Would you repeat the entries below word for word and omit the pictures?

---------- The input

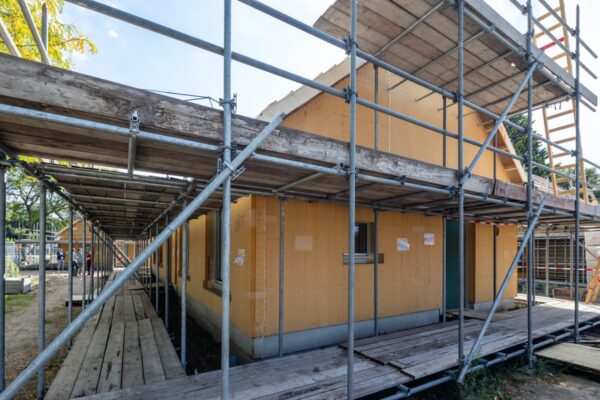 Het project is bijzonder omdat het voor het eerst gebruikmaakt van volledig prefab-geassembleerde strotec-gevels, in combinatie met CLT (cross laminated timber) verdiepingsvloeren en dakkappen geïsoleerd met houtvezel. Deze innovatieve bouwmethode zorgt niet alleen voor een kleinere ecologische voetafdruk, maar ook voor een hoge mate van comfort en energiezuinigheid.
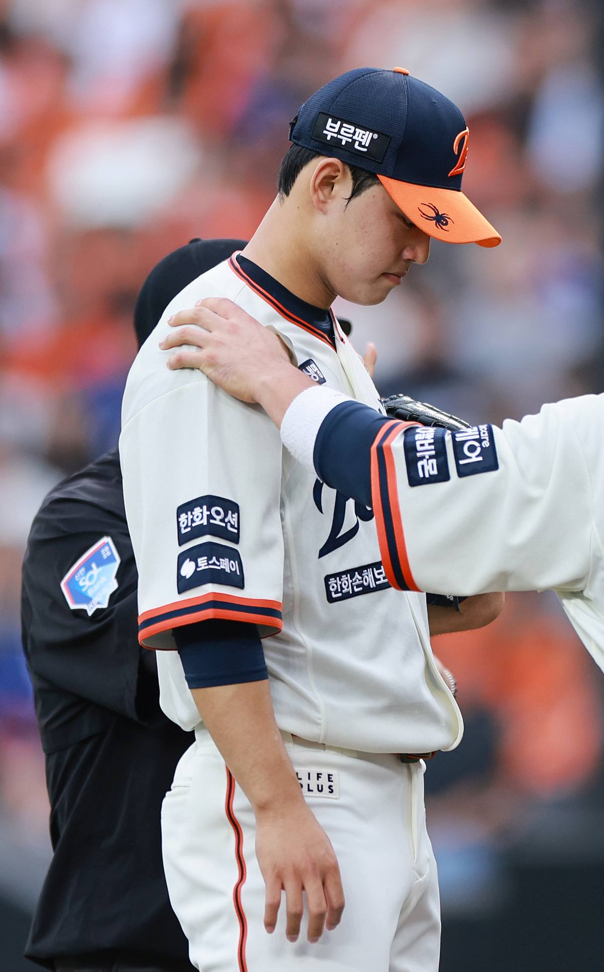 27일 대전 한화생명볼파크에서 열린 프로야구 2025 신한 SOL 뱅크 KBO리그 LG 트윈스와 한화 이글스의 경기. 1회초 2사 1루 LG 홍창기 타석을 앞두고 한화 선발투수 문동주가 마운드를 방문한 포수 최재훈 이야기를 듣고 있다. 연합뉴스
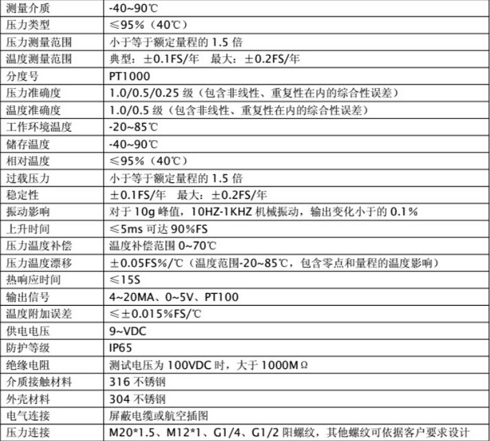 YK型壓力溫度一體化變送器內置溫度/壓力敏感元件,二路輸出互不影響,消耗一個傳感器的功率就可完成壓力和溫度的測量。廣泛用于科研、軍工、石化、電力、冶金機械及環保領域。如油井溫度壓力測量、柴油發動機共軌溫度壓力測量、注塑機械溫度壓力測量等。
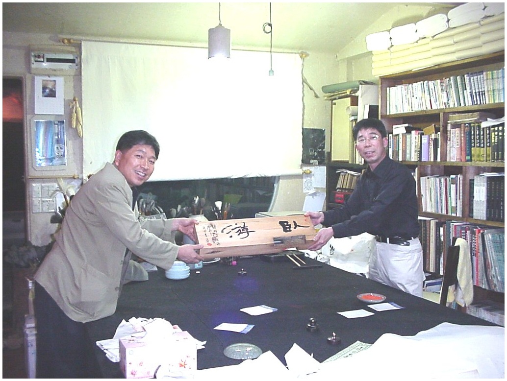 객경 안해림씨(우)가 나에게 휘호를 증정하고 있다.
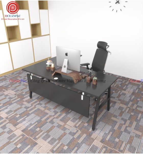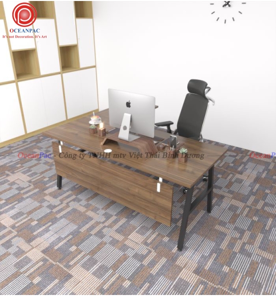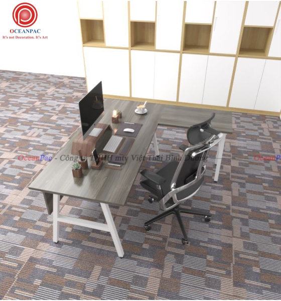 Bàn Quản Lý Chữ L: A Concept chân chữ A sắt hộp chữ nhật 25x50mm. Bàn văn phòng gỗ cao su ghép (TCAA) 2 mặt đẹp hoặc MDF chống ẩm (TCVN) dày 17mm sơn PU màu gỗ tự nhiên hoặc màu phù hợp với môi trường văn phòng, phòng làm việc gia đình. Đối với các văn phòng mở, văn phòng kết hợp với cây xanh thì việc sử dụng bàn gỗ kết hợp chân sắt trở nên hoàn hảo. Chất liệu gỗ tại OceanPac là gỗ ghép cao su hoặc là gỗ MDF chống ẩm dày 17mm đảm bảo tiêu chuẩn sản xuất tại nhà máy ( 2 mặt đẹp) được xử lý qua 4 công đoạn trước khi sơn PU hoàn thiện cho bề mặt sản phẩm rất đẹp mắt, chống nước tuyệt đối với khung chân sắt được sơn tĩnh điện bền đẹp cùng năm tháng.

--------------------

▸ **Answer to this task**
 Het project is bijzonder omdat het voor het eerst gebruikmaakt van volledig prefab-geassembleerde strotec-gevels, in combinatie met CLT (cross laminated timber) verdiepingsvloeren en dakkappen geïsoleerd met houtvezel. Deze innovatieve bouwmethode zorgt niet alleen voor een kleinere ecologische voetafdruk, maar ook voor een hoge mate van comfort en energiezuinigheid.
 27일 대전 한화생명볼파크에서 열린 프로야구 2025 신한 SOL 뱅크 KBO리그 LG 트윈스와 한화 이글스의 경기. 1회초 2사 1루 LG 홍창기 타석을 앞두고 한화 선발투수 문동주가 마운드를 방문한 포수 최재훈 이야기를 듣고 있다. 연합뉴스
 YK型壓力溫度一體化變送器內置溫度/壓力敏感元件,二路輸出互不影響,消耗一個傳感器的功率就可完成壓力和溫度的測量。廣泛用于科研、軍工、石化、電力、冶金機械及環保領域。如油井溫度壓力測量、柴油發動機共軌溫度壓力測量、注塑機械溫度壓力測量等。
 객경 안해림씨(우)가 나에게 휘호를 증정하고 있다.
 Bàn Quản Lý Chữ L: A Concept chân chữ A sắt hộp chữ nhật 25x50mm. Bàn văn phòng gỗ cao su ghép (TCAA) 2 mặt đẹp hoặc MDF chống ẩm (TCVN) dày 17mm sơn PU màu gỗ tự nhiên hoặc màu phù hợp với môi trường văn phòng, phòng làm việc gia đình. Đối với các văn phòng mở, văn phòng kết hợp với cây xanh thì việc sử dụng bàn gỗ kết hợp chân sắt trở nên hoàn hảo. Chất liệu gỗ tại OceanPac là gỗ ghép cao su hoặc là gỗ MDF chống ẩm dày 17mm đảm bảo tiêu chuẩn sản xuất tại nhà máy ( 2 mặt đẹp) được xử lý qua 4 công đoạn trước khi sơn PU hoàn thiện cho bề mặt sản phẩm rất đẹp mắt, chống nước tuyệt đối với khung chân sắt được sơn tĩnh điện bền đẹp cùng năm tháng.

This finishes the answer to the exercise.